Green finished with 13 points on 4-of-9 shooting, but it was his fourth-quarter play that was most important. He made three 3-pointers and had a breakaway dunk that allowed the Spurs to take control.

"That's what he does, you know," San Antonio coach Gregg Popovich said of Green's shooting. "That's his major skill. If he's not going to do that, then we might as well play somebody else."

The fourth quarter was reminiscent of what the Heat saw from Green about 12 months ago when he he made a record 25 3-pointers in the Finals.

"Every timeout, I was screaming at him and encouraging him," Spurs guard Tony Parker said.

Chalmers knows he needs to contribute more

You have to go back to the second game of the second round of these playoffs to find the last time Mario Chalmers scored in double figures.
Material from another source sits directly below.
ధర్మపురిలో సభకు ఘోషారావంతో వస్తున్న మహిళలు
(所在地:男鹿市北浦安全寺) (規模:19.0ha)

You don't have to go back nearly that far to find the last time the Miami Heat's starting point guard played in the type of foul trouble that limited him in Game 1 of the NBA Finals.
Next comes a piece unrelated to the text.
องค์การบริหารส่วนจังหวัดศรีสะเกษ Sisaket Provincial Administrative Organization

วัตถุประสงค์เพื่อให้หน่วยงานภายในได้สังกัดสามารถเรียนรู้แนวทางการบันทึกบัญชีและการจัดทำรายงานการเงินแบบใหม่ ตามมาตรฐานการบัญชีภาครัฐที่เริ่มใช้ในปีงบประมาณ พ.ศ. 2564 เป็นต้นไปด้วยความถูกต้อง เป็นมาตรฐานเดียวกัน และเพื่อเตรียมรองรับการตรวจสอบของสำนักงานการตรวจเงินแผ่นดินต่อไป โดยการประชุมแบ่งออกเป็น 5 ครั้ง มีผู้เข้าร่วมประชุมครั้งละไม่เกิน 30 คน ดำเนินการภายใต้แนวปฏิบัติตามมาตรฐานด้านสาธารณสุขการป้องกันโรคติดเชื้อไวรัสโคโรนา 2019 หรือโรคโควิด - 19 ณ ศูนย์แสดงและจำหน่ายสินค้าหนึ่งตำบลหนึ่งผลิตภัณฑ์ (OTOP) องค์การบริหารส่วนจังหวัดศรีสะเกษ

Coming off Thursday's 110-95 loss to the San Antonio Spurs, when he closed with 3 points, five fouls and five turnovers, Chalmers said Friday he appreciates more is needed.

"I'm still the same guy. I'm that anxious guy, that energy guy that wants to do what he can for his team, help make everything right," he said. "And I just got to figure out a way to stay on the court longer."

Sensing a loss of confidence from a player who rarely loses confidence, teammates such as Chris Bosh tried to rally Chalmers.

"They weren't yelling at me. They were just trying to encourage me," he said of Thursday's on-court interactions. "Everybody knew I was frustrated with the foul trouble I got into early, and when I got back into the game, I was trying to press as much as I could."

The last time Chalmers scored in double figures was May 8 against the New Jersey Nets. Since then he's had three games with four or more fouls.

Coach Erik Spoelstra stressed greater caution is required.

"He needs to be more attentive to technique and earlier in his thought process," he said. "Things are happening very quickly obviously at this level of competition and your preparation before the play happens is paramount."